Deep Memory API

Creating a Deep Memory

If Deep Memory is available on your plan, it will be automatically initialized when you create a Vector Store.

DeepMemory.__init__

Base Deep Memory class to train and evaluate models on DeepMemory managed service.

Deep Memory Operations

DeepMemory.train

Train a model on DeepMemory managed service.

DeepMemory.cancel

Cancel a training job on DeepMemory managed service.

DeepMemory.delete

Delete a training job on DeepMemory managed service.

Deep Memory Properties

DeepMemory.status

Get the status of a training job on DeepMemory managed service.

DeepMemory.list_jobs

List all training jobs on DeepMemory managed service.

Syntax

This page describes ds.query. DeepMemory is a deep learning model that is trained on the dataset to improve the search results, by aligning queries with the corpus dataset. It gives up to +22% of recall improvement on an eval dataset. To use deep_memory, please subscribe to our waitlist.

Training

To start training you should first create a vectostore object, and then preprocess the data and use deep memory with it:

>>> from deeplake import VectorStore
>>> db = VectorStore(
...     path="hub://{$ORG_ID}/{$DATASET_ID}",
...     token=token, # or you can be signed in with CLI
...     runtime={"tensor_db": True},
...     embedding_function=embedding_function, # function that takes converts texts into embeddings, it is optional and can be provided later
... )

To train a deepmemory model you need to preprocess the dataset so that, corpus, will become a list of list of tuples, where outer list corresponds to the query and inner list to the relevant documents. Each tuple should contain the document id (id tensor from the corpus dataset) and the relevance score (range is 0-1, where 0 represents unrelated document and 1 related). queries should be a list of strings.
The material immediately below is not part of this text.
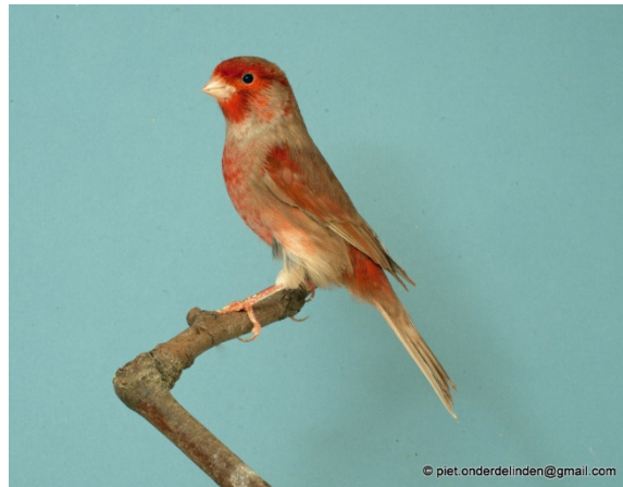
Bruinpastel roodmozaïek type 2

Deze kleurslag in het vraagprogramma is de afgelopen jaren niet zo fors veranderd. Alleen bij de zwart pastellen is precies als bij de gewone zwarten de bestreping fors toegenomen en moet dan ook in banen liggen. De mutatie pastel, ook wel de 2 e reductiefactor genoemd, veroorzaakt dat het eumelanine wordt verminderd. Bij de zwarten en de agaten blijft de bestreping goed zichtbaar. Bij de bruinen en isabellen is de bestreping verdwenen, bij deze vogels ligt er een soort van melanine waas over de vogels. Bij de bruinen natuurlijk veel donkerder dan bij de isabellen. De kleur pastel is in veel variaties te fokken en te showen. Zwart, bruin, agaat en isabel. In de grondkleuren wit, geel en rood. Intensief, schimmel en mozaïek en ook nog in het ivoor.

>>> job_id = db.deep_memory.train(
...     corpus: List[List[Tuple[str, float]]] = corpus,
...     queries: List[str] = queries,
...     embedding_function = embedding_function, # function that takes converts texts into embeddings, it is optional and can be skipped if provided during initialization
... )

Tracking the training progress

job_id is string, which can be used to track the training progress. You can use db.deep_memory.status(job_id) to get the status of the job.

when the model is still in pending state (not started yet) you will see the following: >>> db.deep_memory.status(job_id) ————————————————————– | 6508464cd80cab681bfcfff3 | ————————————————————– | status | pending | ————————————————————– | progress | None | ————————————————————– | results | not available yet | ————————————————————–

After some time the model will start training and you will see the following:

>>> db.deep_memory.status(job_id)
--------------------------------------------------------------
|                  6508464cd80cab681bfcfff3                  |
--------------------------------------------------------------
| status                     | training                      |
--------------------------------------------------------------
| progress                   | eta: 2.5 seconds              |
|                            | recall@10: 0.62% (+0.62%)     |
--------------------------------------------------------------
| results                    | not available yet             |
--------------------------------------------------------------

If you want to get all training jobs you can use db.deep_memory.list_jobs() which will show all jobs that happened on this dataset.

>>> db.deep_memory.list_jobs()
ID                          STATUS     RESULTS                      PROGRESS
65198efcd28df3238c49a849    completed  recall@10: 0.62% (+0.62%)    eta: 2.5 seconds
                                                                    recall@10: 0.62% (+0.62%)
651a4d41d05a21a5a6a15f67    completed  recall@10: 0.62% (+0.62%)    eta: 2.5 seconds
                                                                    recall@10: 0.62% (+0.62%)

Deep Memory Evaluation

Once the training is completed, you can use db.deep_memory.evaluate to evaluate the model performance on the custom dataset. Once again you would need to preprocess the dataset so that, corpus, will become a list of list of tuples, where outer list corresponds to the query and inner list to the relevant documents. Each tuple should contain the document id (id tensor from the corpus dataset) and the relevance score (range is 0-1, where 0 represents unrelated document and 1 related). queries should be a list of strings.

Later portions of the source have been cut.